Task >>
Drop the pictures and extract exactly the lines from the one that contains "12月23日,校长闵永新在龙" through the end of the material.

Dataset extract >>
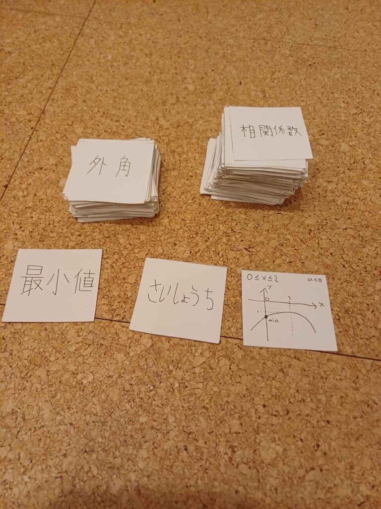 Olen tehnyt muistipelikortit matematiikan opiskelua varten, kemia on työn alla. Kyseisessä pelissä on kolmen kortin setit. Yhdessä kortissa on kanji, yhdessä kortissa lukutapa ja yhdessä kortissa sanan merkitys, yleensä kuvan tai lausekkeen avulla.
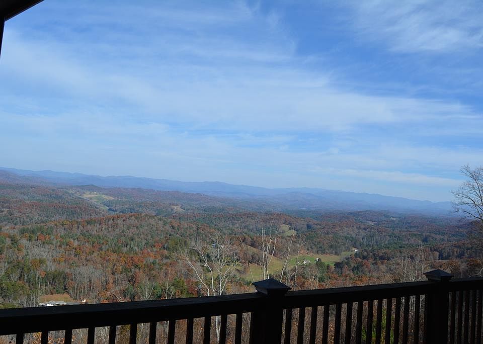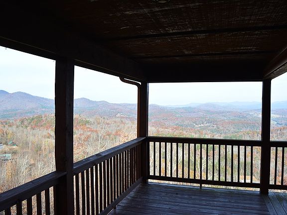 Mountain Top Chalet featuring A Million Dollar view from the living room and covered porches. Interior is roomy and in excellent condition featuring hardwood floors and TWO beautiful fireplaces. One Gas log and one wood burning.The Master bedroom is private and spacious. Oak custom cabinets plus a island in the kitchen. Natural tongue and groove pine ceilings with Ceiling fans through out. The basement is finished with a wet bar and a fireplace. Also a Full bath and a spare room with a bed. There is a large garage for a workshop or storage of your big boy toys. Paved access for you motorcycle enthusiasts. A must see if you are coming to the mountains for the views.
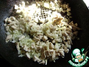 • Лук, чеснок и курицу обжариваем на растительном масле до золотистого цвета.
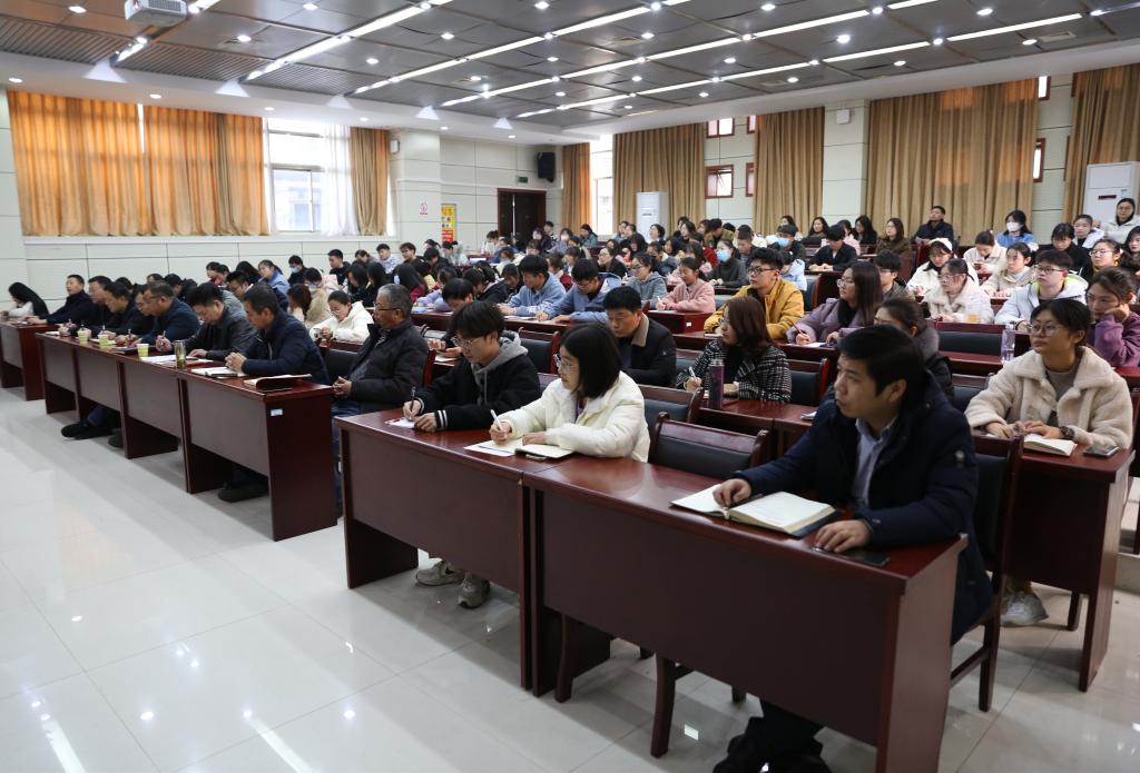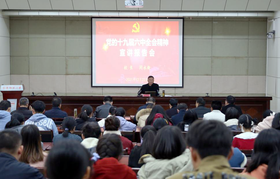 12月23日,校长闵永新在龙山校区行政楼一楼会议室作学习宣传贯彻党的十九届六中全会精神宣讲报告。外国语学院、教师教育学院等学院师生代表,发展规划处、教务处、审计处等部门教职工共100余人聆听了报告会。
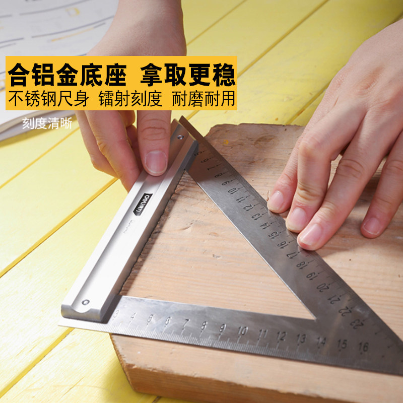 Deli triangle ruler stainless steel multi-function large size triangle board high precision woodworking right angle ruler 45 ° angle ruler

Answer to this task >>
 12月23日,校长闵永新在龙山校区行政楼一楼会议室作学习宣传贯彻党的十九届六中全会精神宣讲报告。外国语学院、教师教育学院等学院师生代表,发展规划处、教务处、审计处等部门教职工共100余人聆听了报告会。
 Deli triangle ruler stainless steel multi-function large size triangle board high precision woodworking right angle ruler 45 ° angle ruler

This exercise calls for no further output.